Halten Sie die Entfernung oder Überdeckung der «Mohrenkopf»-Inschriften in der Zürcher Altstadt für gerechtfertigt?

Nein, dies bedeutet, unsere Vergangenheit zu überdecken, statt uns aktiv damit auseinanderzusetzen. Ich wünschte mir deshalb prominent platzierte Infotafeln, die den historischen Kontext beschreiben, in dem die Inschriften entstanden sind. Wir müssen die Betroffenen miteinbeziehen und nicht über ihr Befinden entscheiden. Sonst machen wir den gleichen Fehler zweimal. Behauptungen, dass heutzutage ja niemand mehr das Wort «Mohr» negativ besetzt gebrauche und es deshalb auch nicht rassistisch gemeint sei, sind völlig deplatziert. Damit würden wir diese Menschen ein zweites Mal diskriminieren. Da braucht es viel Fingerspitzengefühl und kein vorschnelles Handeln.

 

War es ein Fehler, die Sammlung Bührle ins neue Kunsthaus zu integrieren?

Die Bilder können nichts dafür. Es ist gut, dass sie öffentlich zugänglich sind. Doch wir haben uns vor zehn Jahren anlässlich der Abstimmung über den Kunsthaus-Erweiterungsbau zu sehr blenden lassen: Wir Zürcher wollten uns schmücken, dass geschichtsträchtige Werke in Zürich prominent ausgestellt werden, es ging mehr um Standortmarketing als um Kunst.

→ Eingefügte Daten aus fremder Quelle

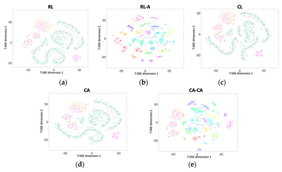 Two-dimensional t-SNE (t-distributed random neighbor embedding) visualization of the data in (a) RL, (b) RL-A, (c) CL, (d) our proposed CA, and (e) our proposed CA-CA.

Dabei hätte man schon früher viel gründlichere Nachforschungen anstellen können, und zwar für jedes einzelne Bild. Dass die Fluchtgut-Thematik teils ausgeblendet wurde, war uns zu wenig bewusst. Die jetzigen Diskussionen und die fehlende Einsicht schaden dem Ansehen unserer Stadt. Umso mehr begrüsse ich es, dass eine unabhängige Untersuchung nun auch die Provenienz der Bührle-Sammlung überprüfen soll.

 

Was bringt die halbe Million Franken, die der Gemeinderat zwecks zusätzlicher Aufarbeitung bewilligt hat? Und haben wir danach wirklich Ruhe?

Das Ziel der nun anzupackenden Aufarbeitung muss sein, sie sorgfältig und vor allem politisch neutral und international anerkannt durchzuführen. Gelingt eine solche Untersuchung, dann bleibt uns eine Kunstsammlung ohne Nebengeräusche. 

 

Was haben wir davon, wenn wir Sie in den Stadtrat wählen?

Ich bin eine liberale Politikerin mit sozialer Ader und widme mich meinen Aufgaben vorurteilsfrei, unideologisch und aus weiblicher Sicht. Minderheitenthemen sind mir persönlich eine Herzensangelegenheit. Zudem bringe ich meine Perspektive als Kantonspolitikerin ein: Mit Blick auf die aktuelle Zusammensetzung des Stadtrats ist das ein Mehrwert.